Ainsi, nous avons multiplié les contacts auprès d’organismes dans lesquels
nous fondons de réels espoirs, à moyen ou à long terme.
Un aide psychologique
De plus en plus les mamans
d’enfants drépanocytaires aimeraient avoir des échanges avec les autres
mères, aussi nous tentons de créer un groupe de parole, et au-delà certains
parents auraient besoin d’une aide psychologique plus personnalisée. Aussi,
nous avons déposé un projet auprès de la Fondation de France.
Un Conseil juridique
Nous avons reçu de maître
Jean-Vivien NGANGA, avocat à la cour, un accord de principe pour organiser à
votre intention un conseil juridique gratuit.
Le Local, une nécessité pressante
Nous travaillons ardemment à
trouver un local où nous pourrons accueillir les familles et leur proposer
ces services.

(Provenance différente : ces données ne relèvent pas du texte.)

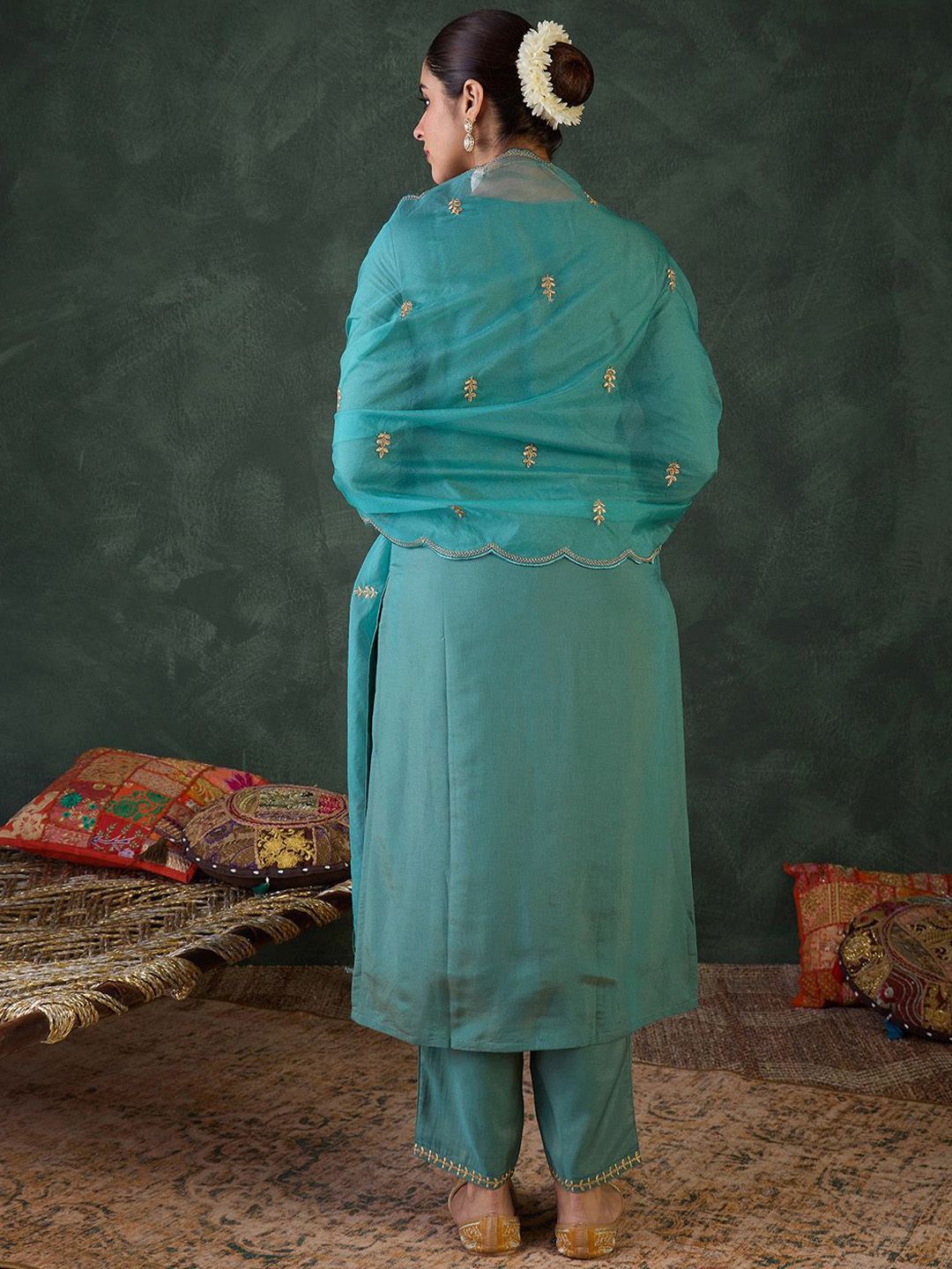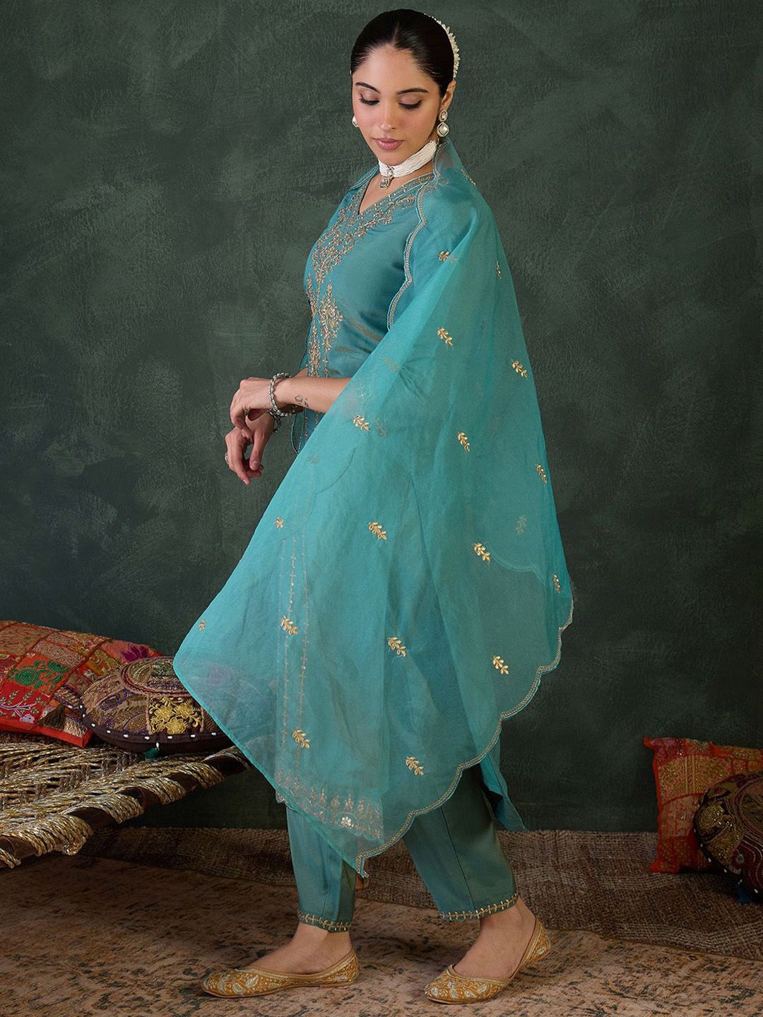 Indo Era Women Ethnic Motifs Embroidered Regular Zari Kurta with Trousers & Dupatta
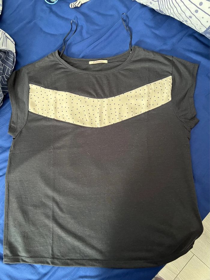 Tee shirt Camaieu bleu avec bande beige à motifs à l’avant. Taille L.
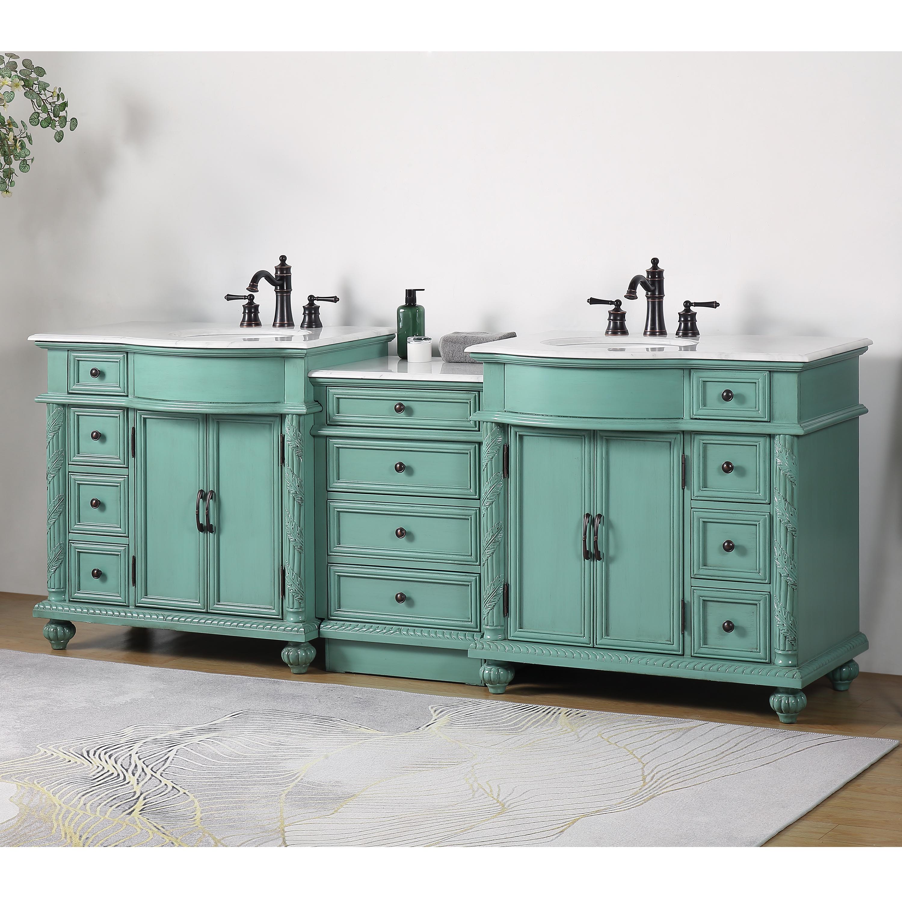 90.25" Vintage Green Bathroom Cabinet Carrara Top Double Sink Vanity
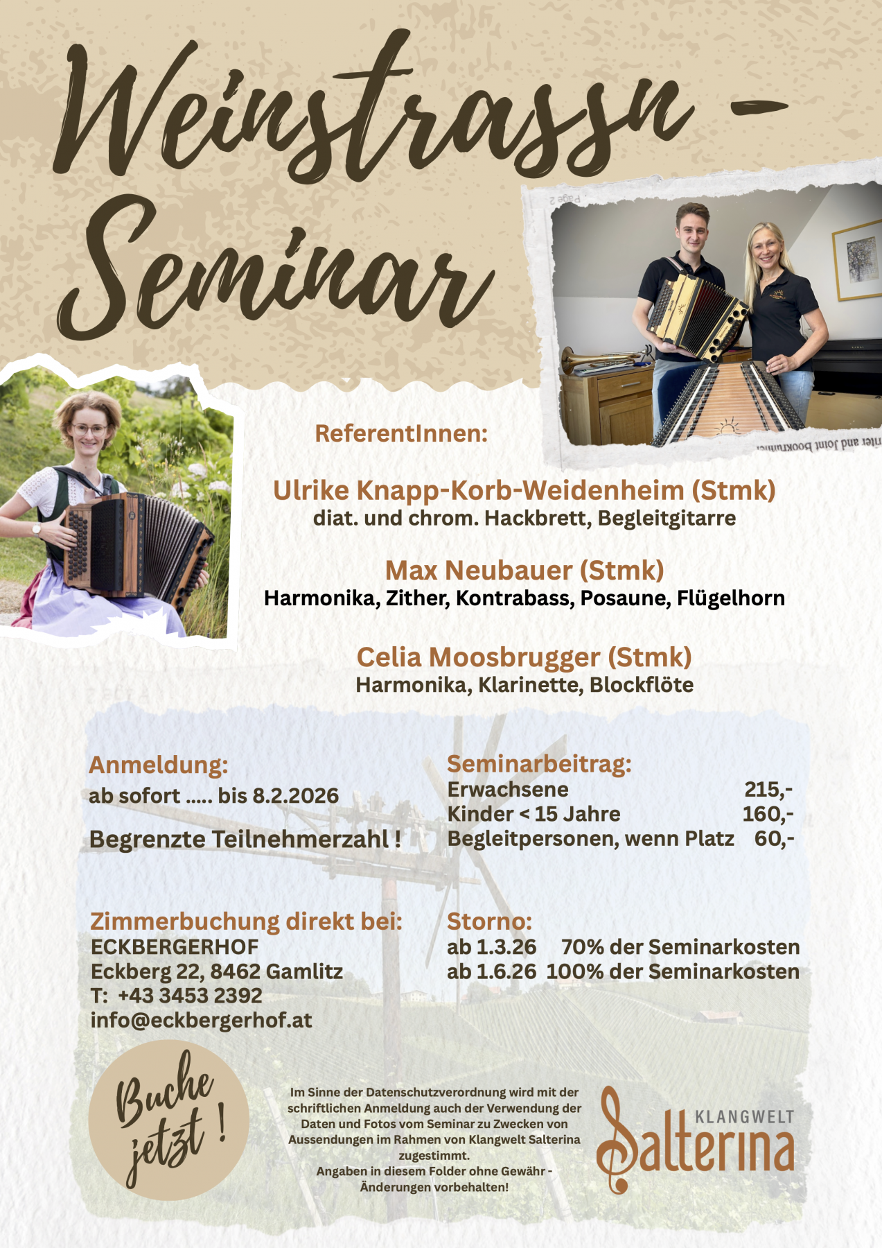 Genieße das Musizieren mit anderen Musikbegeisterten, die tolle Landschaft und ein Glas guten südsteirischen Wein.
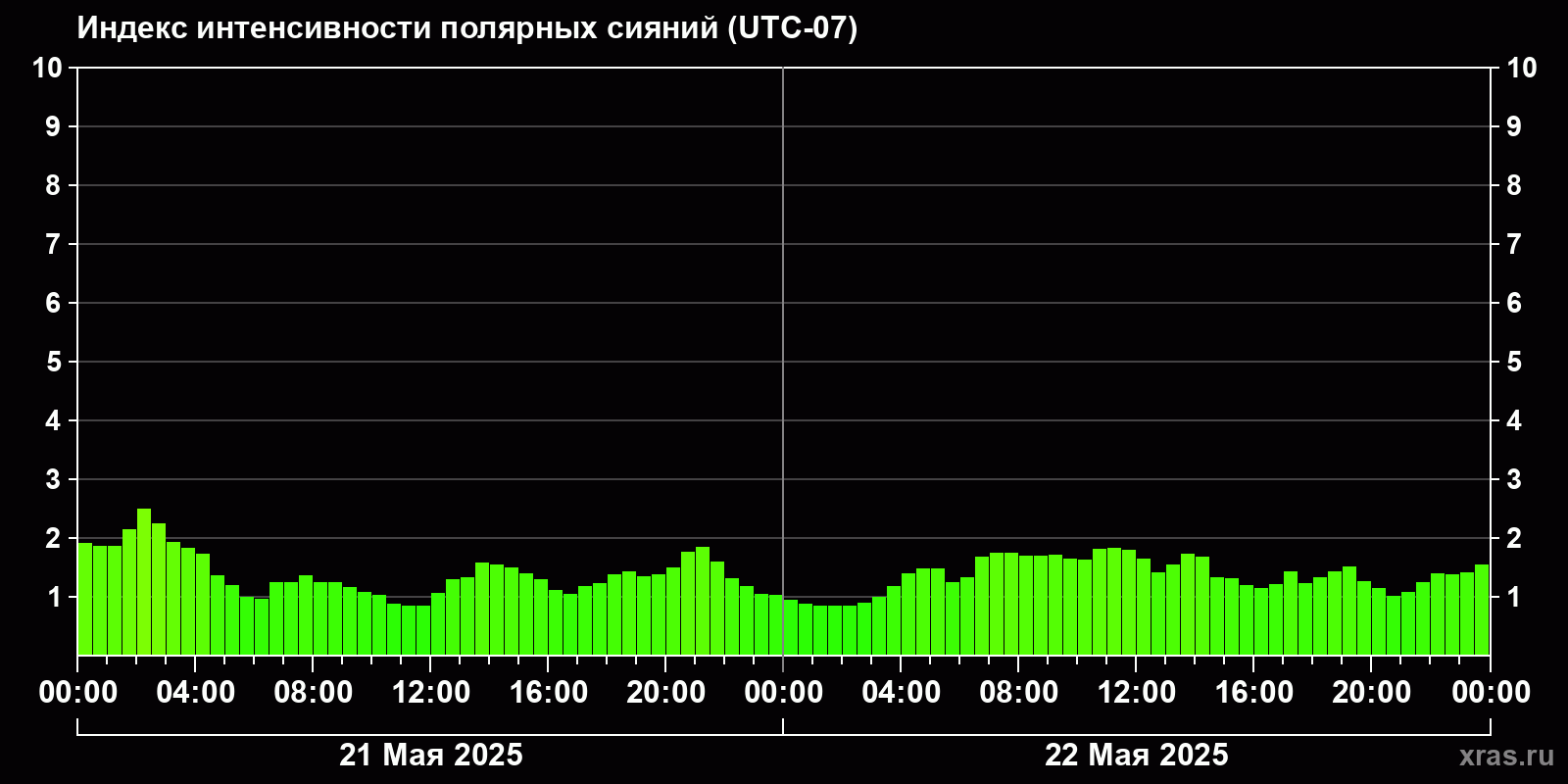Изменения индекса интенсивности полярных сияний с 2025-05-21 по 2025-05-22 по местному времени
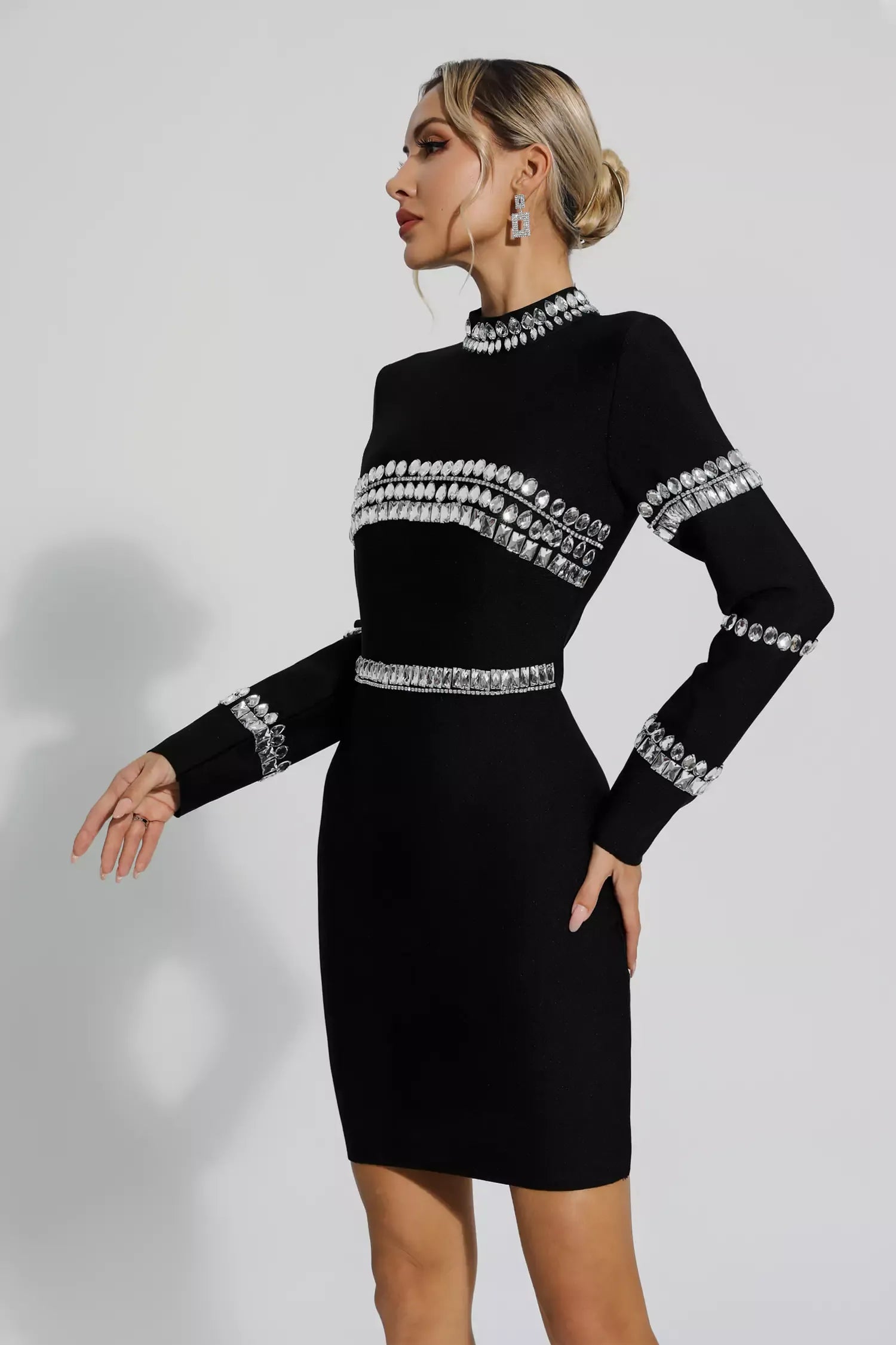 Hayley Siyah Elmas Süslemeli Uzun Kollu Mini Elbise
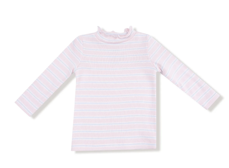 Ribbon Bow Trellis Ruffle Romper Pink and White
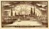 Rīga. Latvijas brīvvalsts galvas pilsēta. Skats no Dzegužu kalna. Lieli ceļi, mazi ceļi, vis’ uz Rīgu aiztecēja [attēls] / mākslinieks Ansis Cīrulis.
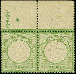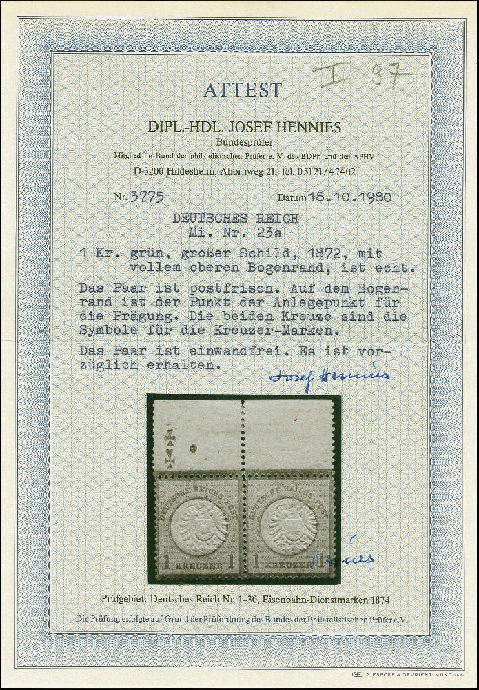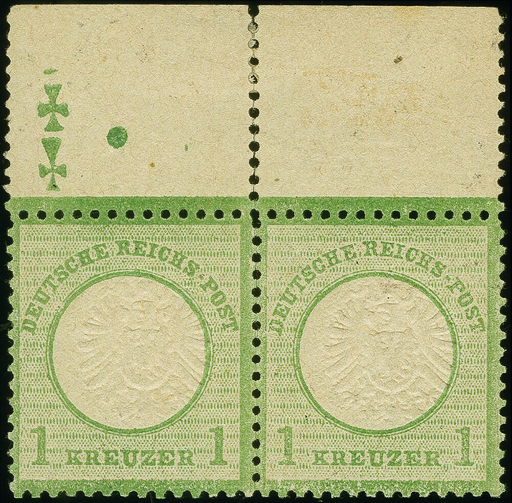 | Zusatzinformationen und Suchstichworte: | 383. Auktion Heinrich Köhler 14.–15. & 18.–23. März 2024 Los 6844 Deutsches Reich, 1872 Grosser Brustschild 1 Kreuzer grün im waagerechten Oberrandpaar mit Plattenkennzeichen "kopfstehende Kreuze - tiefstehend" über Feld 6 und Anlegepunkt für die Zähnung, Marken von unten gezähnt. Die postfrischen Marken sind farbfrisch, gut geprägt, sehr gut gezähnt und in einwandfreier Erhaltung, Falzreste im Oberrand und dort stärker angetrennt. Ein dekoratives Paar mit seltenem Plattenkennzeichen, dieses ist bisher nur viermal registriert, rechte Marke mit Privat-Signatur und Fotoattest Hennies BPP (1980) Ausruf 400,00 EUR |
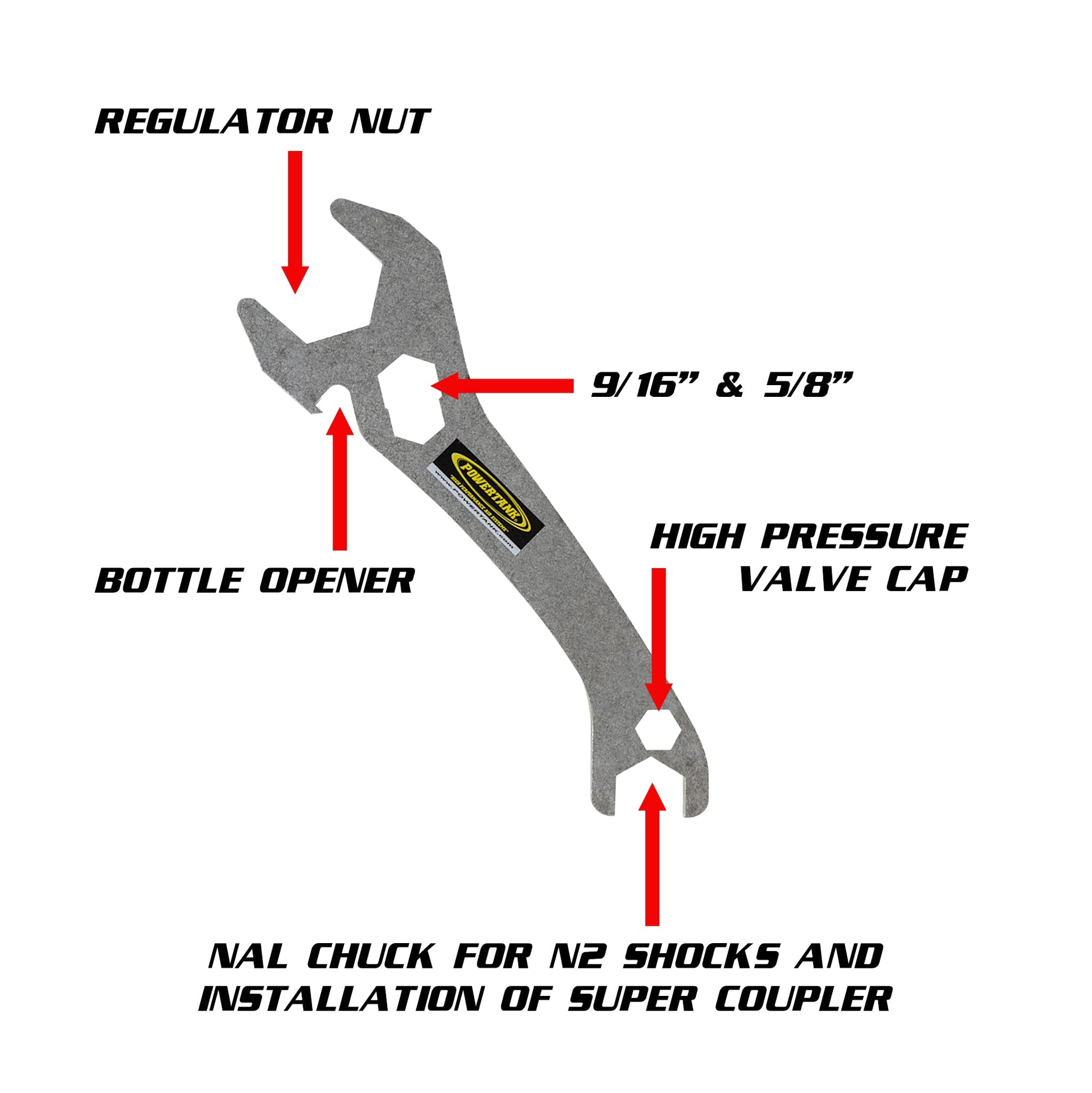 Fourth generation to the popular and useful Power Tank wrench. This new design keeps the slim design of the version 1.0 with all the useful features of both previous designs in a new sleeker shape. Replace your regulator (1-1/8"), tighten 9/16" & 5/8" fittings, R&R NAL chuck on N2 shocks (11/16"), R&R hex high pressure valve caps (3/8"), and of course remove caps from your favorite bottled beer. Stainless steel. Features a built-in bend point to prevent over tightening of the regulator nut. Regulator nuts should be two-finger tight.
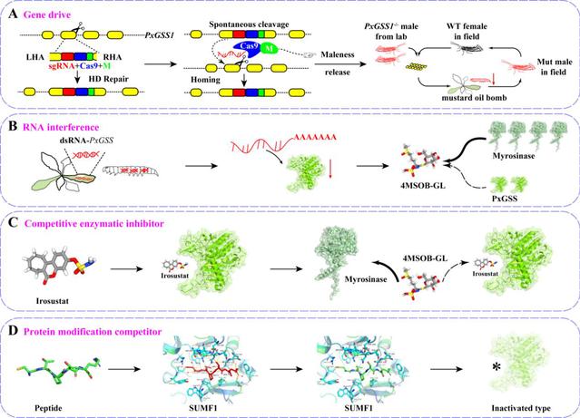 综述首次总结了过去20年来小菜蛾硫苷硫酸酯酶PxGSS的研究进展,讨论了人工智能驱动的靶向PxGSS的害虫控制技术的潜在应用。该技术有望克服当下小菜蛾防治带来的抗性困局,有力推动靶向PxGSS害虫防控方法的研发和田间应用,为其它农业昆虫重要解毒酶的研究和防控应用提供重要思路。
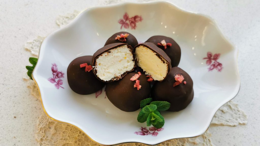 - Vizes kézzel golyókat formálunk belőle, ha akarod, meg is töltheted kemény lekvárral vagy gyümölccsel. Betesszük a mélyhűtőbe, kidermedni.
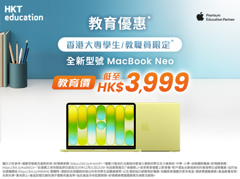 教育優惠專為香港大專、中、小學及幼稚園學生及教職員而設。涵蓋超過35個品牌、逾千件產品,優惠低至5折!當中包括各款5G手機、 AI 智能產品及Apple產品,大專生及教職員更可享 Mac / iPad 產品優惠。一年365日隨時選購,輕鬆滿足學習及工作需求。立即按此了解更多及登記。

En dehors de ces commissions, qui fonctionnent, l’implication
de chacun reste primordiale.
Comment aider SOS Globi ?
Vous aussi, vous pouvez nous
aider. C'est une volonté qu'il faut garder à l'esprit. Par exemple, si dans
votre entourage familiale, ou autre, vous connaissez un sportif de haut
niveau, demandez-lui de parrainer les actions de SOS Globi. Il nous faut
créer un courant d’opinions, la drépanocytose est une cause communautaire et
la lutte contre la maladie est l’affaire de tous.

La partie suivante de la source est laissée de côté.